Ich höre zwar fast nur Gitarrenmusik, aber das schließt zum Beispiel auch Blues und Rock'n'Roll ein, ebenso bin ich orchestraler Musik zugeneigt. Das ich lange Haare habe, hat für mich aber ganz klar etwas mit einer Lebenseinstellung zu tun. Ich habe kein Problem damit, direkt als minderwertig und seltsam eingestuft zu werden, aufgrund meines äußeren. Naja, wenn man mit zerfetzer jeans, aus der eine Zebra Leggins rausguckt, Scorpionsshirt und abgewrackter Lederjacke in der U-Bahn sitzt muss man damit rechnen. Aber egal, ich bin eh eigentlich immer in ein buch vertieft. Es geht dabei auch garnicht um den Herdentrieb (auch wenn du vollkommen Recht hast, bzgl. der Ausmaße).
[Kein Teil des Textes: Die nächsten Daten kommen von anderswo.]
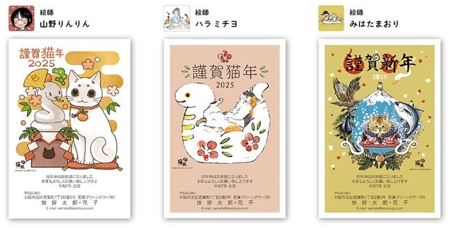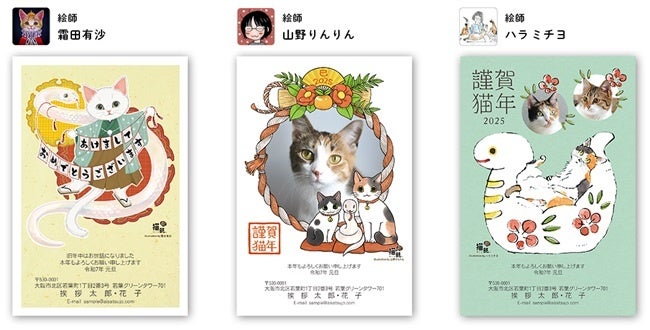 愛され続けてコラボ10周年!猫が主役の年賀状「にゃん賀状」に人気作家4名が描く猫部コラボデザイン〈2025年版〉が新登場!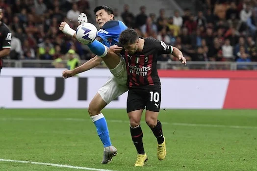 Al minuto 96 il pallone è al limite dell’area, spostato a sinistra, sui piedi di Bennacer. Che vede in area Brahim Diaz solo soletto quasi all’altezza del dischetto del rigore. Kim ha il tempo di girarsi alla sua sinistra e vedere Giroud che sta all’esterno, in area, oltre Elmas. Brahim Diaz invece è solo, all’interno. Kim si volta e in un nanosecondo decide che il pericolo principale è rappresentato dal numero 10 del Milan, Giroud può aspettare. E infatti è Diaz che Bennacer serve con un pallone che vuole imitare quello di Mario Rui per Simeone. Bennacer crossa, Brahim Diaz si ingolosisce e va verso il pallone pronto a colpirlo. Nella sua memoria è solo, non ha nessun calciatore del Napoli attorno. Non immagina che nel frattempo Kim stia sopraggiungendo. Il difensore è in ritardo, lo sa. E allora così come gli sprinter o gli atleti in generale sul filo di lana si buttano col petto, lui getta la solita gamba tesa. Che ha evidentemente il radar. E intercetta il pallone colpito di testa dallo spagnolo. Brahim Diaz probabilmente colpisce a occhi chiusi. Si aspetta il boato e invece sente troppo presto un altro colpo. È la gamba di Kim che intercetta il pallone. Brahim si mette le mani nei capelli, lo sa che gli ha tolto il gol. È disperato.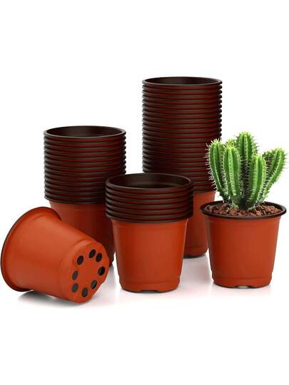 10/20/30/50个植物育苗盆,大型植物育苗盆,带排水孔的塑料花盆,室内外育苗盘,适用于植物、蔬菜、花卉和水果种子 - 棕色 - 查看 10

Es geht für mich auch darum, dass man auf metal einfach am besten mit Headbanging abgeht und das geht mir kurzen Haaren nicht. Außerdem find ichs endgeil, wenn sich Frauen in meine Haare krallen ;) Das Gefühl von verschwitztem Haar nach einem Konzert ist übrigens auch nicht verachten. Aber hier kann man wieder wunderbar eine Brücke schlagen:
Du sagst du siehst Konformität (auch wenn du's einschränkst) als Notwendig an. Da denke ich ganz anders. Ich bin vielleicht ziemliche blöde, aber zumindest intelligent genug dies einzusehen. Damit definiere ich mich weitesgehend als eigenständiges Lebewesen. Natürlich, ganz ohne Anpassung gehts nicht, ich studiere ja zum Beispiel auch. Man wird mich aber, sofern mein Haarwuchs nicht stark zurückgeht, aber auch im Job nicht mit kurzen Haaren und Anzug sehen. Natürlich muss man einschränken (Bgeleite auf Honorarbasis einen wissenschaftlichen Workshop für Kinder, dann zieh ich Shirts mit einfachem Schriftzug und ohne Leichen an), aber sich anpassen? Never ever!
Für dich mag Rockmusik vielleicht exzellente Mucke sein, für mich ist Rock'n'Roll ein Lebensstil, eine Grundeinstellung. Und lieber hock ich bei nem mickrigen Gehalt mit 2 Kumpels und nem kasten Bier in meiner kleinen Wohnung, streiche mir die Haare ausm gesicht und klimper auf meiner Klampfe, als bei guter Bezahlung den Regeln der Gesellschaft ausgesetzt zu sein. Rock'n'Roll 'til death!

Just my 2 Cents

Opa Steve:
Also meine Erfahrungen mit der Bullerei waren bisher eher neutraler Natur. Natürlich fällt man als Langhaariger schneller ins Fahndungsraster, wenn es um Alk- oder Drogen-Kontrollen geht. Ich sag nur Drogenfahnder bei Heilbronn - deren Karre auf dem jährlichen Weg zum Summerbreeze erkennen wir mittlerweile schon 200 Meter gegen den Wind bei dickem Nebel  :coolgr: . Aber ich hatte bei keiner Kontrolle das Gefühl, als Metaller besonders streng oder abwertend behandelt zu werden. Bei Alk-Kontrollen wurde sogar oft auf's Pusten verzichtet, obwohl ich angab, etwas getrunken zu haben.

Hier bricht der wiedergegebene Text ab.